The overwhelming theme in several of the books written about Bullycide and in the research conducted is that our children do not tell us they are being bullied and are not telling the teachers at school.
Cyberspace bullying is a new form of bullying for children today. Children can be very nasty in person, but can be even more damaging over the Internet. We have all read the horrible story about the suicide of Megan Meier caused by cyberspace bullying. Megan was tricked by an adult who posed as a “hot” young boy, Josh Evans. Josh did not exist. Josh was an adult woman working with another Mom to trick Megan to get revenge for allegedly gossiping about the daughter of one of the mothers. “Josh” dumped Megan and it was followed by horrible name calling on the MySpace site. Megan then hung herself. She was a victim of Bullycide. Did you know she had ADHD and bouts of depression?

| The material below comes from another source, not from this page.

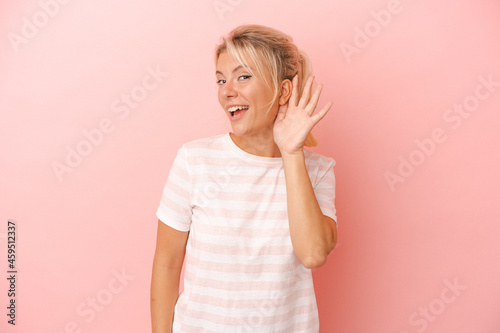 Young Russian woman isolated on pink background trying to listening a gossip.

In April 2008, I spoke at the Epilepsy Foundations' Kids Speak Up Dinner in DC to many children with epilepsy and their parents. I asked the children, whom I had never met, to raise their hands if they were being bullied at school and felt comfortable talking about it. I did not imagine that instantly about 30 hands would go up.
The first young child, age 12 from Alabama, told us about how she is called, “Seizure Dog, Seizure Freak”, and other unmentionable names. The next child, James age 10, stood up and said, ”The students don't care; the teachers don't care . . .” and he fell in his seat sobbing and could not continue on. This went on for the next 30 minutes; young children with epilepsy telling how they are harassed by bullies at school.
We wonder why young people with disabilities have low self-esteem? Try being called names or assaulted throughout school and see how you would develop. We must stop this or we will see more of our young people with disabilities commit Bullycide.
The number three cause of death for our young adults is suicide and the number one trigger for suicide is depression. We must stop these assaults.
I would propose making anti-bullying a major education item in every school and college with on-going programs to educate teachers, parents, and students. You must make it clear that the school will have zero tolerance for bullying.
Listen and pay attention to students with disabilities. Ask them if they are bullied and make them feel comfortable talking to you.
Does your state have an anti-bullying policy; if not be a leader and work to get one?
As Brenda High reminds us all in her book, Bullycide in America, The No Child Left Behind Act requires the schools to keep documentation of being a safe haven for students. Remember, federal and state funds are given out based on those records. Every parent must speak up and go to the school if there are any issues and then document them.